The sequence of units in addresses is generally from large to small, without any space to separate them, i.e. AC->AD->AS->PN->SN->SNR->WU->BN->BNR->RO. Understanding this sequence will help to identify different units in an address. A process on the sample list reveals that a majority of addresses (about 84%) contain street names, in which addresses with both street names and street numbers dominate the sample set (Table 1). This statistics indicates that street names and street numbers are popular components of address expressions. It also implies that the street-based address matching in Chinese cities is as important as in the Western ones. However, this situation may not lead to a conclusion that name-based matching is not necessary, because name descriptions are also popular in address expressions.

Table 1 general component of the sample addresses

Address group Cases Percentage
Addresses with street names
In which: with both street names and street numbers
with only street names
Addresses without street info
1210
1029
181
222
84.5%
71.9%
12.6%
15.5%
Total 1432 100%


Street as referencing base

The basic structure of street numbering in Wuhan follows the general principle, i.e. odd and even numbers are allocated separately on two sides of a street. Particularly, odd numbers are assigned to the western or northern side of a street, while even numbers are allocated to the eastern or southern side. However, some special characteristics of street address exist in Wuhan.

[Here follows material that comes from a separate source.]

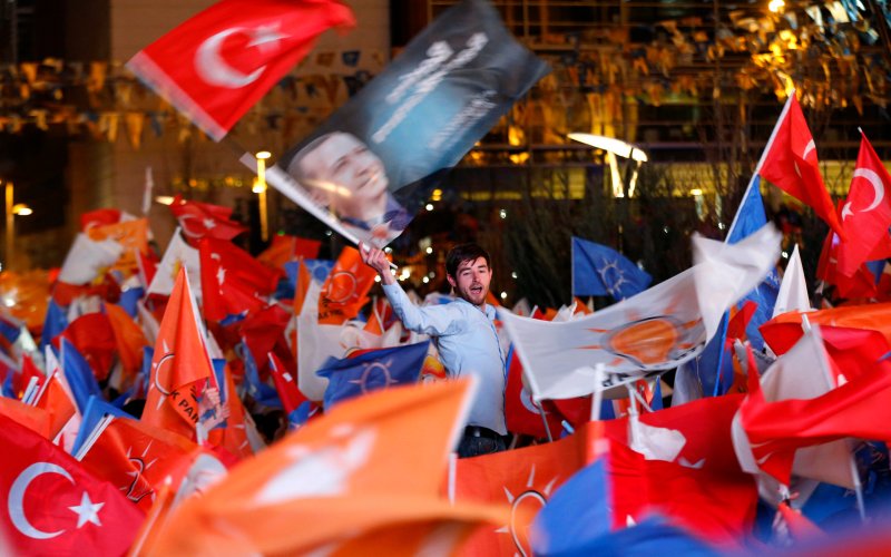 "Recep Tayyip Erdogan has become not only a European leader, but also a world leader. We believe in him, we trust him and with the help of God, he can achieve anything," said Yasin Aktay as he joined boisterous celebrations near AKP headquarters in Istanbul.

Firstly, while the numbering method is systematic, numbering along some streets may not be complete. Wuhan, like other cities in China, has experienced dramatic changes on spatial structure due to economic and social development since 1950s and especially after the economic reform during the last twenty years. The fast changes of land uses alongside streets have been accompanied by address merging or dividing, which makes it difficult to allocate street numbers in a comprehensive way. The upgrading of street numbers has not been able to keep pace with the changing reality, during which mistakes may happen.

Secondly, some exceptions may happen. One case is that the street numbers of some special agencies are prefixed by a character “te”. For example, in the previous 1423 sample addresses set, 44 cases are found containing the special character. The special character denotes the importance of the agency in industry and the numbers are in line with their surroundings. Another case is that an old address unit is divided into several units but there is no new number available for these new units or the new units are members of a new group. In this case, the new units may be assigned sub-address numbers, e.g. 22-1, 22-2, and so on. These special numbers can’t be reflected in the address range of a street, and only main numbers are assumed available in address matching process.

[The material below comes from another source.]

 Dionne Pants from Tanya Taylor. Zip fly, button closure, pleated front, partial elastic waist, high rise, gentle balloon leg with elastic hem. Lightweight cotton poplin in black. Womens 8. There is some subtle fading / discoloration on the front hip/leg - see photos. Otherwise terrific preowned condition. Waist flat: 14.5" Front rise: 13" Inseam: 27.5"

Thirdly, sometimes a street may have experienced two much changes, and it is necessary to re-assign street numbers to cope with new situation and to achieve better numbering system. However, a change in street address may have fundamental societal effects and bring inconvenience to the address holders. In a period both the new number and the old number may exist. For example, one trunk road in the study area of Wuhan jump its street number at a intersection from 369 to 975, indicating a coexistence of the new and old schemes.

Finally, some technical barriers have to be overcome. The techniques of Chinese character matching have to be developed. In Chinese expression, a name is composed of several characters, each of which is represented by two bytes in computer. But in some cases, different characters with the same pronunciation (pinyi) are used for the same name. There are also similar characters in Chinese language, which may also need to be considered in character matching. If the address units are successfully decomposed, the standard street address matching process that are available in most GIS packages can be utilized. Sometimes information on street name and address is missing, e.g. in a travel survey, respondents may not know street address. In the absence of street numbers, it is assumed other information could be provided, such as company name, and living place.

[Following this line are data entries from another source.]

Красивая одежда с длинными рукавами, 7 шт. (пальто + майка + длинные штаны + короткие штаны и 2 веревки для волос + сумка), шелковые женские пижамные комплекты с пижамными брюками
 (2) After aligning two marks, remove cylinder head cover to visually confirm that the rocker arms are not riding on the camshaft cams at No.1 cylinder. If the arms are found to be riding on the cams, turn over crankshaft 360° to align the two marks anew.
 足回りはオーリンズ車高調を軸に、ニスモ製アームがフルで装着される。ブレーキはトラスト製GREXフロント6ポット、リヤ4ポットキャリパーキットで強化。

Figure 2 shows address matching results in part of the study area using Mapinfo and ArcView. The two systems give the same results for addresses with complete information. For incomplete information the two systems apply different matching strategies. The two points circled in the two maps represent the same street address but are interpreted differently in the two GIS systems.


Figure 2 Address matching sample results

The correctness of address matching results can be checked either by field visit or by comparing with existing data. Figure 3 illustrates three examples of verifying matching results with existing topographic map in the study area. The topographic map contains, among other things, building outlines and annotations of large agency names which are shown as background features in the figure. Agency names are also collected and are kept together with their street addresses in the address table, which are shown in the lists with gray background in the figure. The stars are the matched locations from the listed street addresses, and the name annotations from topographic source are also displayed. Comparing the annotations with agency names in the lists indicates these matches are successful.



Figure 3 Check the address matching with topographic maps


From the above example it can be concluded that, given a reliable referencing street base and address expression, the general process of street address matching in GIS packages is applicable to the Wuhan situation. However, in real applications it is exactly the quality of source information, i.e., either the referencing street base or the addresses themselves, that dominates the final successfulness of the matching process. The street numbering system is incomplete and error-prone. There is no standard for address expression, which makes it difficult to separate various components from the expression. Address matching in Chinese environment requires more efforts of character processing than that of western one.

Name as referencing base

Name-based location referencing requires that the spatial locations of entities serve as referencing bases. Work units and buildings are important references as their locations can be identified precisely. These data can be derived from cadastral maps or building permit maps, and supplemented by field investigation. Work units usually refer to large governmental agencies, institutions, and enterprises. Therefore a work unit may have many buildings.

The case of the place name is more complicated. A place has no definite spatial boundary, and may either be part of another larger place or contain other smaller places. Conventional place names are available from an office under the local municipality. Places are generally named after their geographically related stories in history. For example, urban Wuhan is divided into three parts by two rivers, and the three parts are historically called “the three towns of Wuhan”. The names of the three “towns” frequently appear in address expression and can be used as the highest level in the place hierarchy. The names of districts are sometimes also borrowed to indicate places, which can be considered as the second level. Other smaller places are associated with individual locations and can be regarded as the third level.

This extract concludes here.